Start of Supplied entries

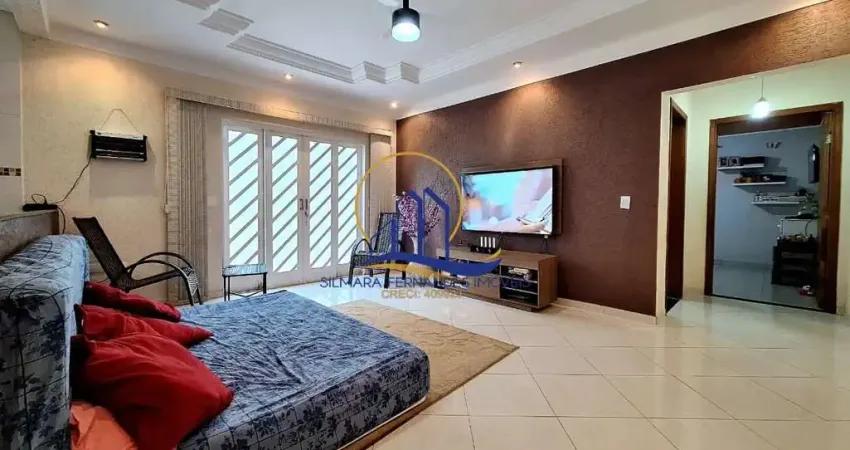 3 dormitórios com ventiladores de teto, sendo 1 suíte com armários, bancada, pia sobreposta, box blindex, chuveiro e ar condicionado
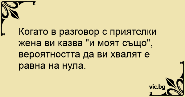 Когато в разговор с приятелки жена ви казва "и моят също", вероятността да ви хвалят е равна на нула.
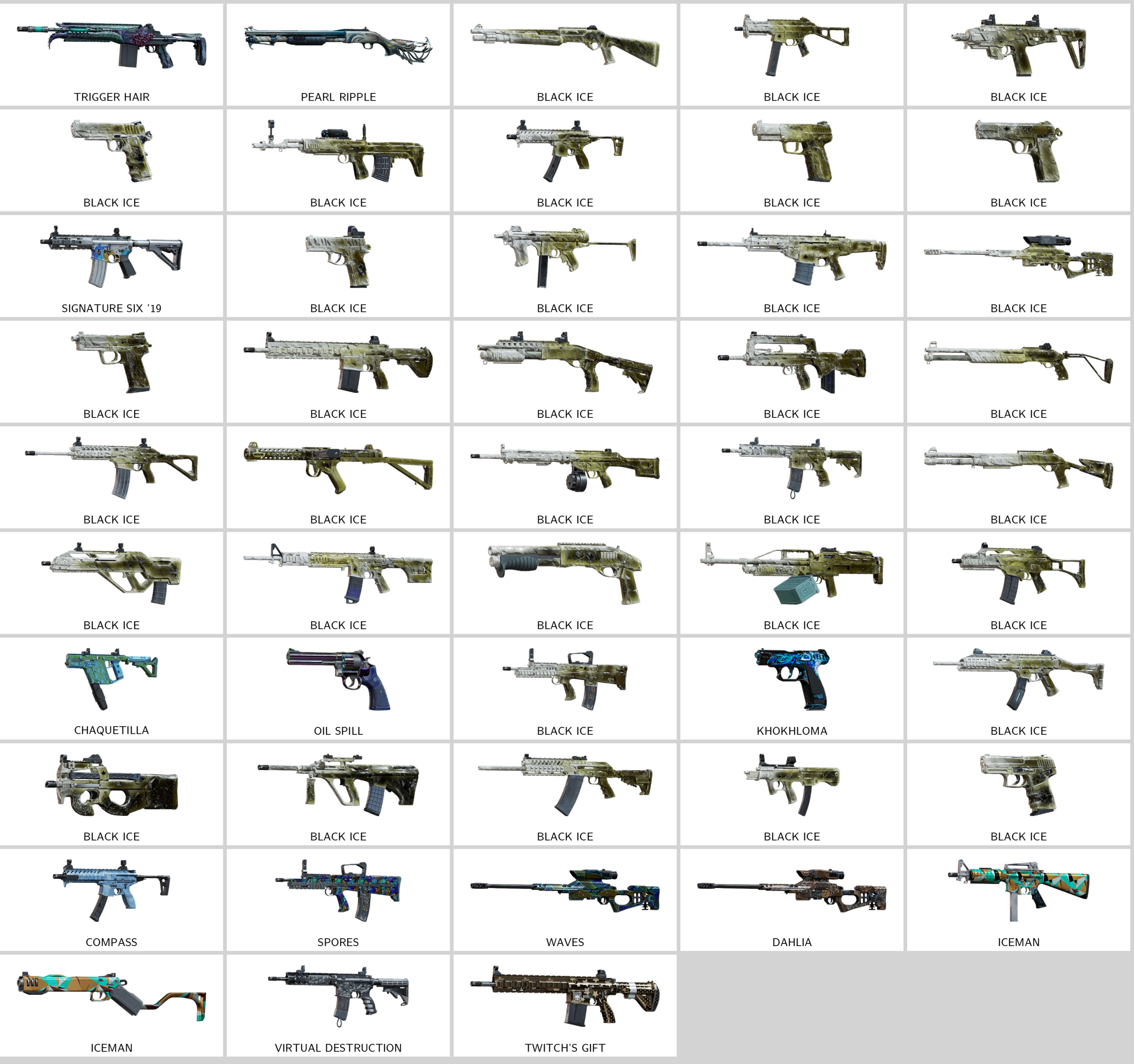 – Mythical Majesty (AK-74M), Gritty (ITA12S), Modern Gleam (SASG-12), SWAT Flag (UMP45), Military Tarp (AUG A3), Pearl Ripple (M590A1)
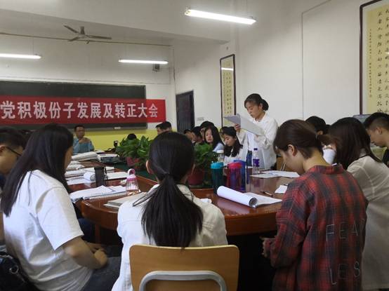 接下来,由李扬老师宣读发展对象申请转正人员名单,8名预备党员一次宣读预备期一年内思想汇报以及想需要向党组织说明的问题。宣读结束后由介绍人、党小组以及党支部发表意见。
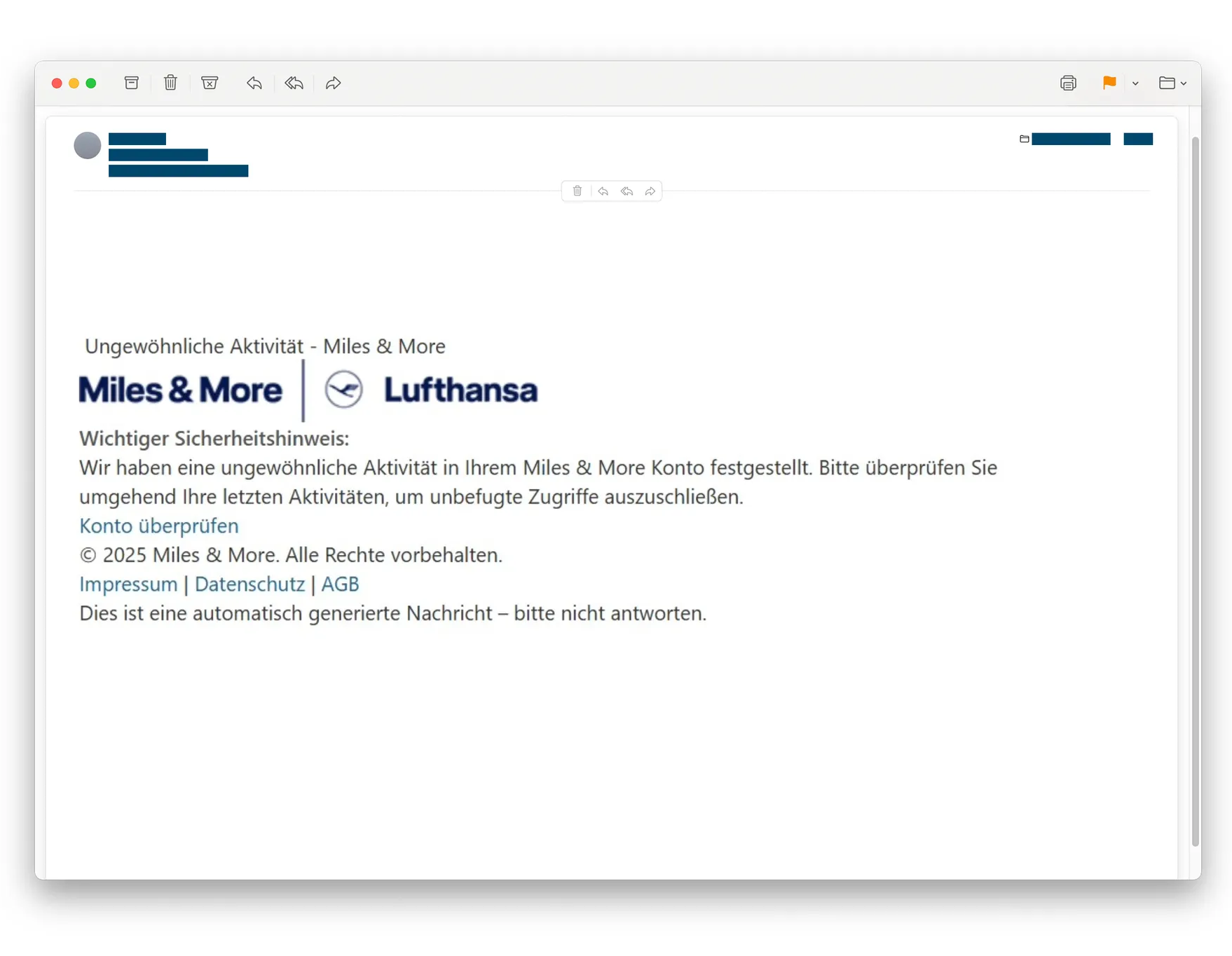 - Prüfen Sie im Zweifel direkt bei Miles & More oder Lufthansa nach, ob das E-Mail echt ist.
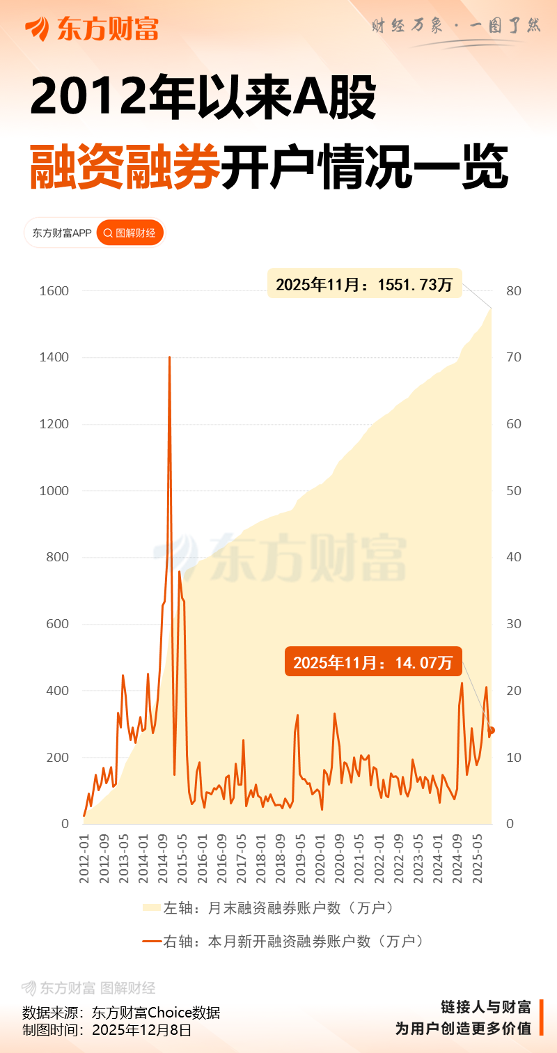 从2025年的月度数据明细来看,两融新开户数呈现明显的起伏:1月新开7万户;2月升至9.74万户;3月达到一个小高峰14.45万户;4月回落至10.59万户;5月进一步降至8.87万户;6月回升至10.14万户;7月继续增长至12.36万户;8月大幅跃升至18.3万户;9月则达到年内迄今的高点20.54万户,10月的回落至13.02万户,可视作在连续两个月高增长后的正常调整,而11月则反弹至14.07万户,整体仍处于今年以来中高位水平。

End of Supplied entries

Omit the pictures. Print, word for word, the lines from the beginning of the entries above through the line that holds "Когато в разговор".

**Answer to this exercise:**
 3 dormitórios com ventiladores de teto, sendo 1 suíte com armários, bancada, pia sobreposta, box blindex, chuveiro e ar condicionado
 Когато в разговор с приятелки жена ви казва "и моят също", вероятността да ви хвалят е равна на нула.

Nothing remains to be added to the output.